Lux froze, fingers tightening on the edge of the desk until her knuckles blanched. The image seared her vision, dragging her backward in time—back to the prison visiting room, the cheap plastic chairs, the harsh fluorescent lights. Daphne, pretending to be Viv's stepsister. The way she had leaned in under the guard's indifferent gaze. That kiss. The cunning slip of a tongue, the indifference mingled with a casual acceptance from Viv.

She had almost convinced herself that it was a strange bond between step-sisters.

And this? They're no longer playing the stepsister act.

Her nails dug crescents into her palm as she clicked to zoom, though the pixels only fractured further. It didn't matter. The intimacy was unmistakable. This wasn't tradecraft. This wasn't survival.

"They're still doing it," she whispered, venom threading her tone. "The same fucking thing.
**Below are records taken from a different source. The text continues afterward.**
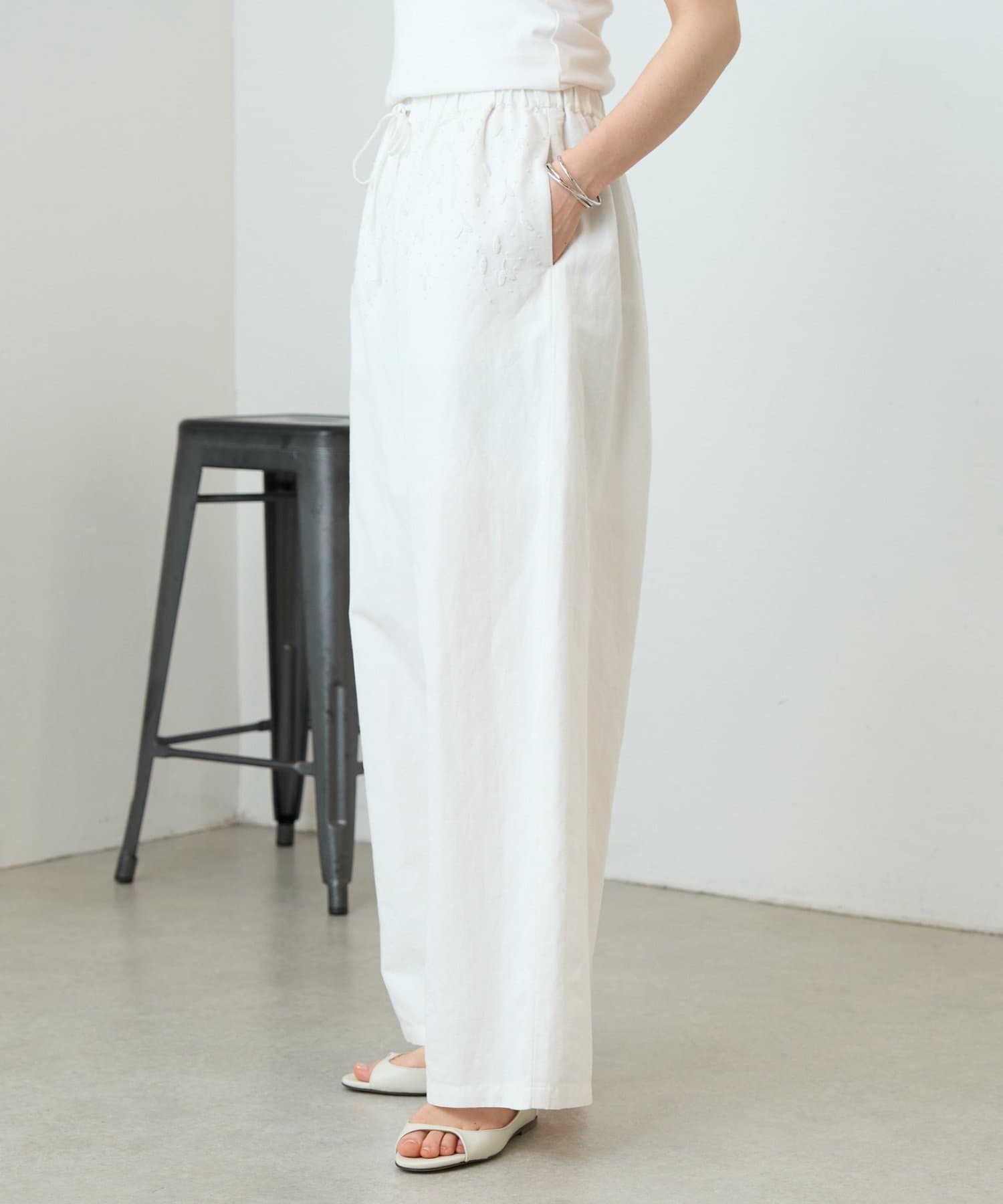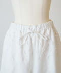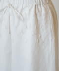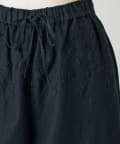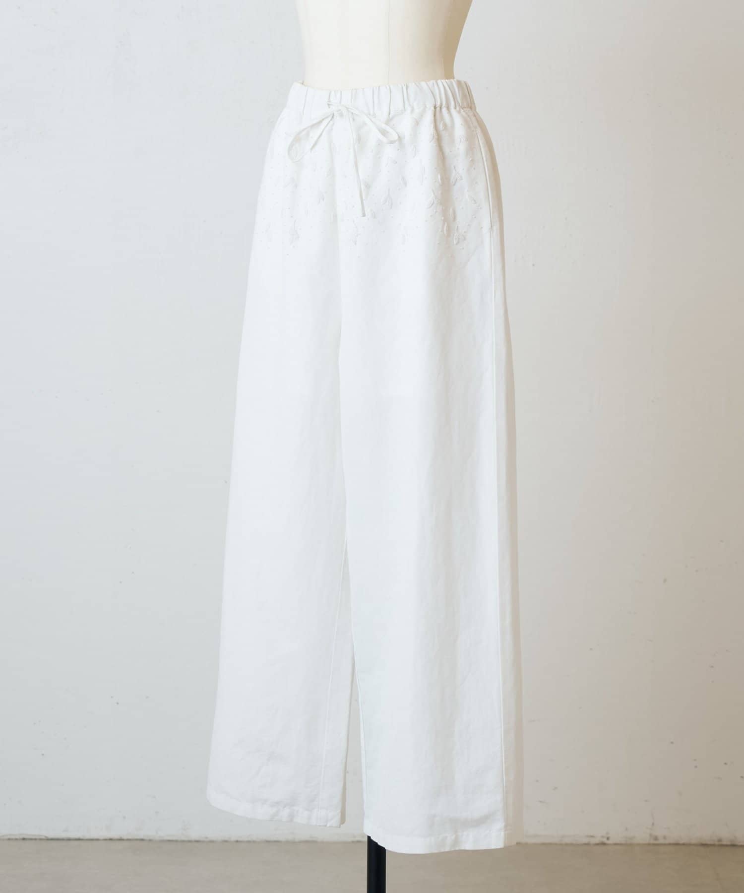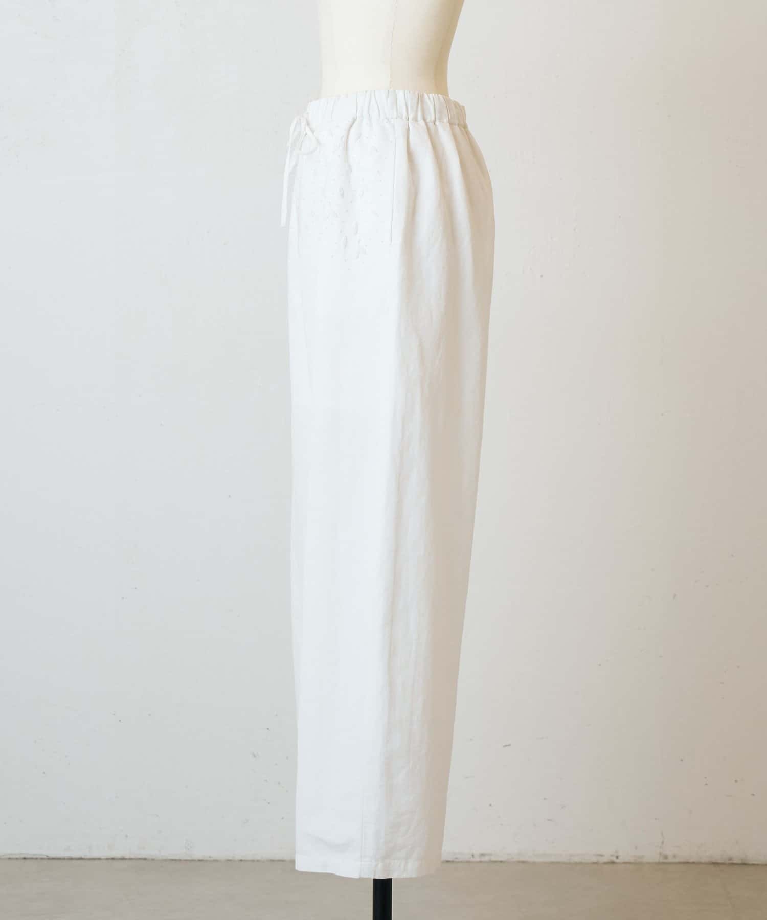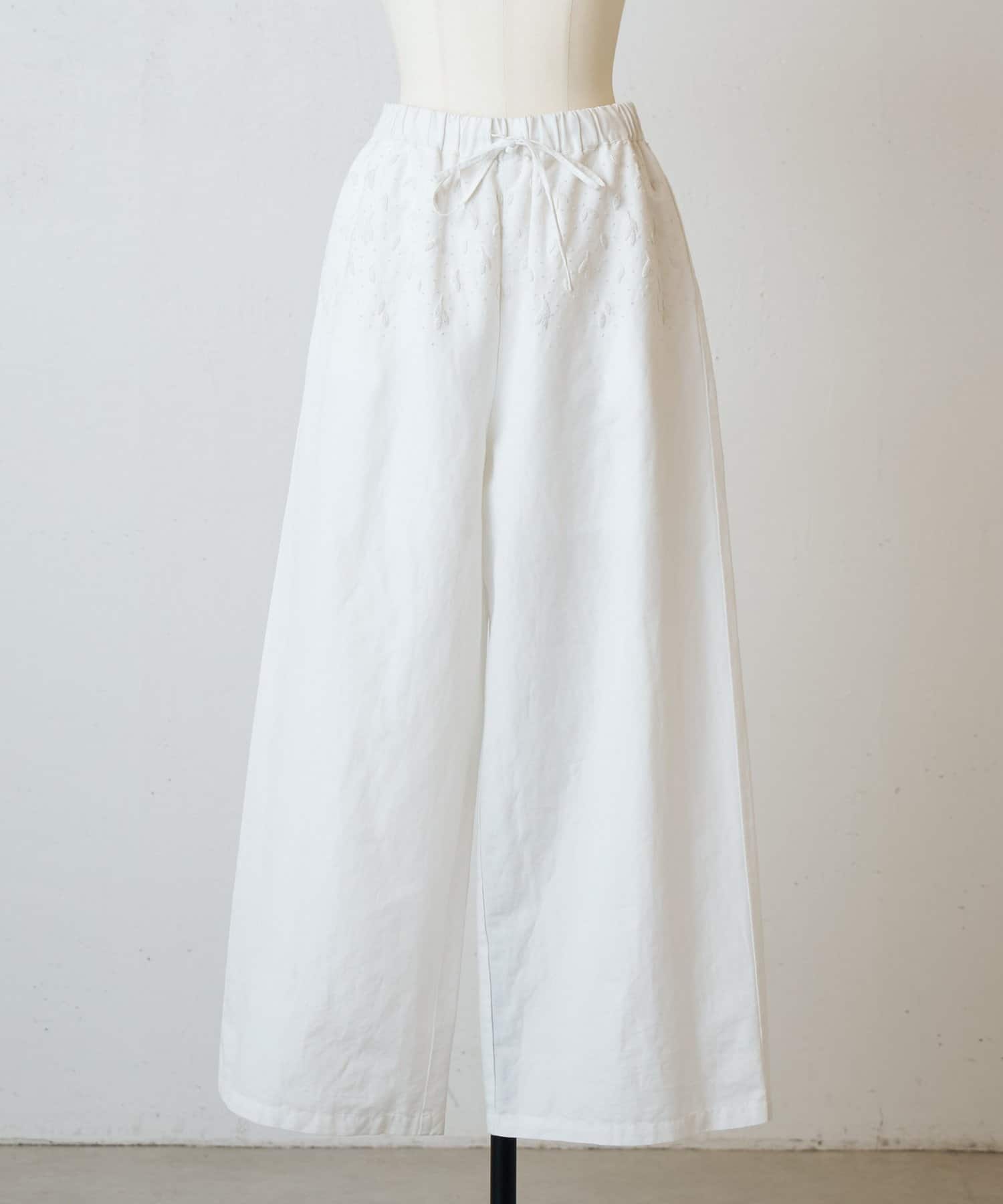 ウエスト周りに施した刺繍がアクセントになったイージーパンツ。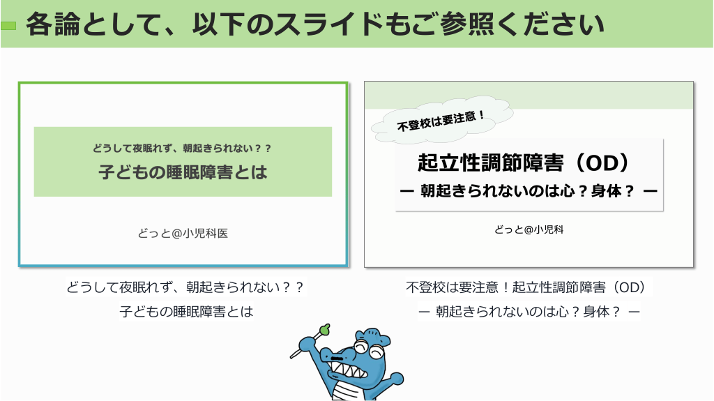 #31. 各論として、以下のスライドもご参照ください どうして夜眠れず、朝起きられない︖︖ 不登校は要注意︕起⽴性調節障害(OD) ⼦どもの睡眠障害とは ー 朝起きられないのは⼼︖⾝体︖ ー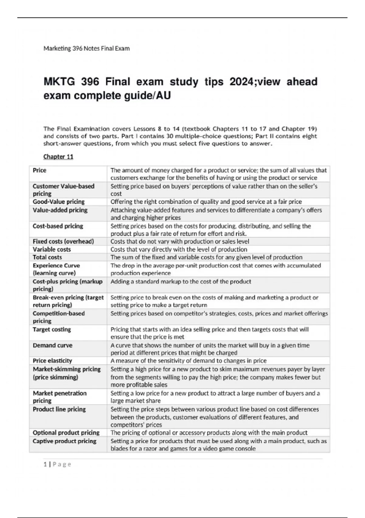 MKTG 396 Final exam study tips 2024;view ahead exam complete guide/AU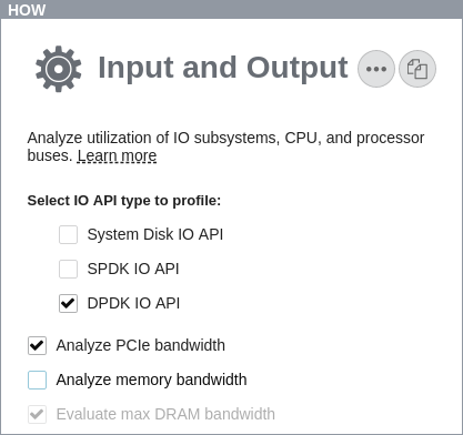 In the GUI, create a project, select the Input and Output analysis on the HOW pane, and enable the Analyze PCIe bandwidth option:

Only this time... it's real."

The cigarette burned down between her fingers, ash spilling onto the desk unnoticed. Lux leaned back, eyes cold, lips curling into a broken half-smile.

"Enjoy your little rerun, Vivienne," she murmured. "But you should know—old scenes never play the same way twice."

She snapped the laptop shut. The room fell silent, except for the sound of her pulse hammering in her ears.